# need help with 580ck



## skulligan (Feb 2, 2012)

hi everybody. im new to this forum, and to tractors in general. have been looking for a few months, wanted to get a small tractor with loader to both clear my driveway and let me teach myself about hydraulics and the general workings of tractors and implements. after months of searching, i saw what i think was a fantastic deal. (2500 for a very smooth running 1969 case 580ck) got so blinded by the deal that i forgot about the fact that i know enough about engines, but absolutely nothing about hydraulics. and this thing is gonna be way too big to be a self teaching project. so i need some help, even though some of it is going to be really embarasing to even ask for.

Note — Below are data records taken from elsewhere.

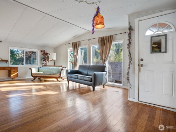 Say hello to your personal slice of Pacific Northwest magic! This delightful 2-bed, 2-bath gem is bursting with character—from the sun-drenched living room thanks to floor-to-ceiling windows that let the light pour in like a warm hug to the dreamy ball and claw tub that’s begging for bubble baths and book binges. Step out back and you’ll find a deck overlooking your private back yard nature made for morning coffee, stargazing, or epic BBQ showdowns. There is even a small bespoke animal pen ready to house your pet goose. All of it tucked into your very own acre of peace, privacy, and potential. The neighbor is selling their lots next door if you wanted to expand your slice of paradise!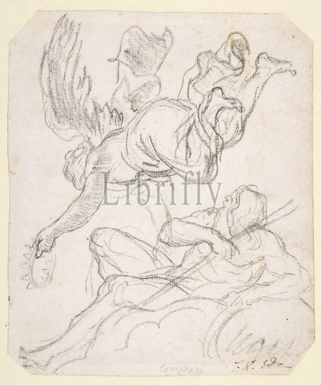 Flying Figure Holding, Crown, Reclining River God, n.d, Black chalk, 6 7/16 x 5 1/2, 16.3 14 cm, Drawings, Jacques Louis David, French, Paris, 1748–1825, Brussels, student, French Academy, David filled sketchbooks, drawings, antique, well, Baroque art, sketch, figures, Pietro da, Cortona, fresco, Assumption, Virgin, apse, Church, Santa Maria, Vallicella, Rome
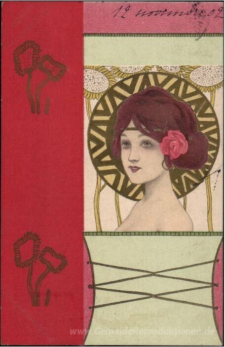 Wir bieten Ihnen eine handgefertigte Reproduktion auf Leinwand des berühmten Kunstwerks 'Mädchen Gesichter mit rotem Rand' von Raphael Kirchner, aus dem Reproduktionsmuseum.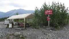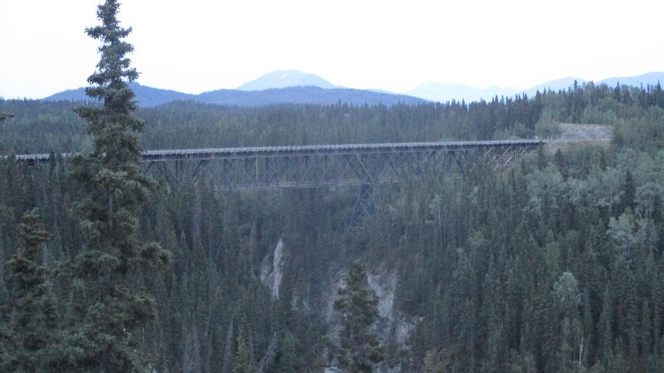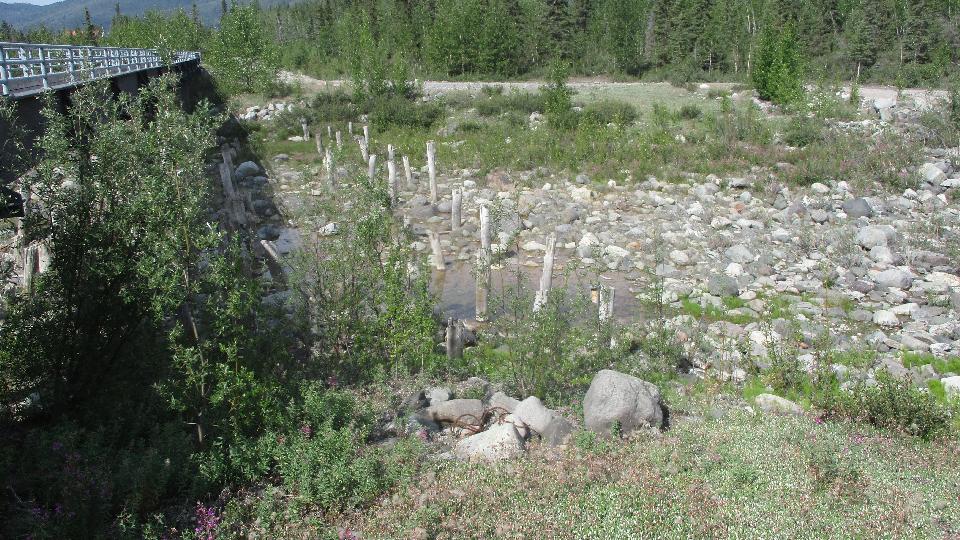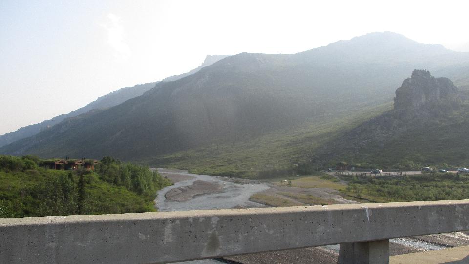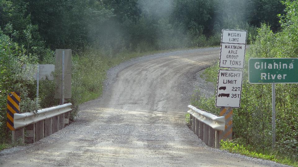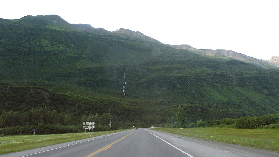 Something I didn't notice the night before, and I didn't notice being here 20 years earlier, was guard rails. Huh? From my trip here in 1997 I was under the impression that there were no guardrails anywhere in Alaska. Maybe it was related to all the side roads we ran at at that time. In any case, the notable thing here is that there is hardly 20 feet of guardrail anywhere that has not been thoroughly smashed. Sure, icy roads may be difficult here much of the year, but doesn't anyone take responsibility for their own welfare? It looks like a pinball machine.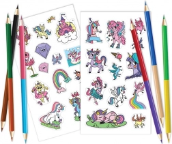 Vytvořte kouzelný svět s omalovánkou na cesty Jednorožci, která je plná aktivit a zábavy pro všechny věkové kategorie. Toto praktické cestovní balení obsahuje: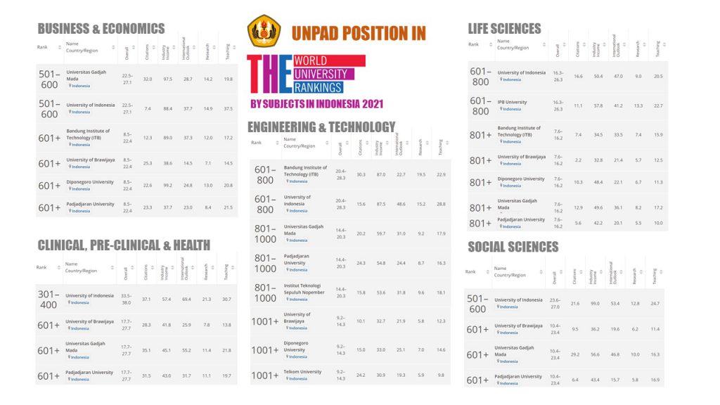 Tahun ini, lima bidang ilmu di Unpad berhasil masuk ke dalam pemeringkatan. Lima bidang ilmu tersebut antara lain Business and Economics (peringkat 601+), Cilnical, Pre-clinical, and Health (peringkat 601+), Engineering and Technology (peringkat 801-1000), Life Sciences (peringkat 801+), serta Social Sciences (peringkat 601+).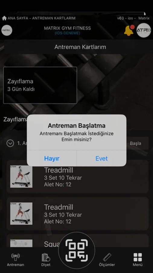 Bildirimler: Spor merkeziniz tarafından sağlanan tüm bildirimleri "Matrix" uygulaması aracılığıyla takip edebilirsiniz.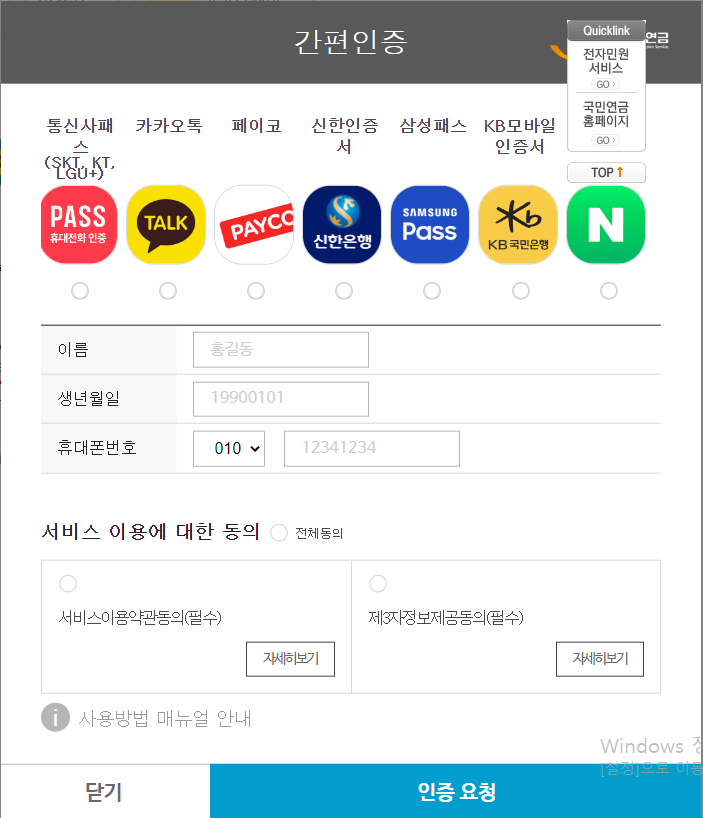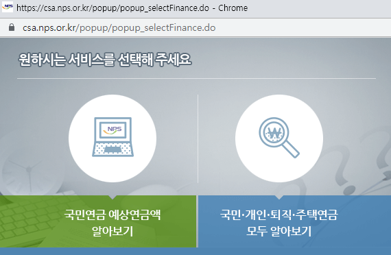 예상 연금액 조회를 누르시게 되면 아래의 팝업창이 뜨게 되고, 여기에서 왼쪽을 누르면 됩니다.

everything works great, loader and backhoe will both lift tractor easily, but the rams leak like crazy. (looks like a water gun sometimes) my thought is to try and run through the winter just using the loader to clear snow, then really get in to it and try to fix it up a bit this spring. in the meantime, can i just keep refilling hydraulic fluid to avoid running dry, or will the leaks have long term negative effects? and if i can just keep refilling, how bad is hydraulic fluid as far as soaking into the ground for pets and plants? is there some kind of envirinmentally friendly fluid? (and heres where it gets embarassing) and where exactly do i fill the fluid. the first, and only, thought i had is the about 8 inch tall cylinder with large hex nut pattern on top that kind of looks like spin on oil filter only longer and thinner. its right next to valve control panel, but it doesnt really look like it feeds a reservoir. is there one, or is all the fluid just contained in the lines? (told you im new to all this.) finally, can i run a gasket reconditioning type fluid through the system or will that bind up with the hydraulic fluid? or is there a special hydraulic fluid with that kind of addative for older machines? (i dont even know if dried out gaskets would have anything to do with the leaks, not sure how the rams and cylinders would be packed and sealed) anyway, thanks for the time, any suggestions would be greatly appreciated.
thanks
chris


----------



## dwloop (Jul 19, 2011)

skulligan,
Here is a great page on repacking the cylinders. For the 580 I suggest you obtain a 3/4" drive socket set and an OTC #1266 gland wrench to get those glands off. You can do this.

http://randygodwin.hubpages.com/hub/Hydraulic-System-Repairs-How-to-Rebuild-or-Repair-Hydraulic-Cylinders

Hydraulic oil is expensive, that will be the biggest motivator. A puddle everywhere you work it is a problem and will cost you plenty. Keep it full of oil or be prepared to replace a very expensive pump...

EDIT: One more needed item, a service manual is invaluable. You can get them on ebay.

HTH,
Dave


----------



## farmallpat (Feb 5, 2012)

Hello Friend
You ot a very easy unit to work on. 188 case engines are as easy as they get. FIX THE LEAK ASAP. unless you like paying the arabs for oil. I have a full set of manuals for your tractor. I can send info if you need any.
I also have the seals for cyl in my shop . If the shaft is bent, (I BET IT IS) seals will do you no good. .Take to a shop and have them put it in a press. any engine rebuild shop will have the press and tools to get it back in line. If there are any nics in shaft they should be fix as well. If shaft was bent and used like that you may have to put a broze bushing to the end plate you removed to take shaft out. (LOOK AND SEE IF IT IS EGG SHAPED.) Its a easy fix in any no matter how bad it is.


----------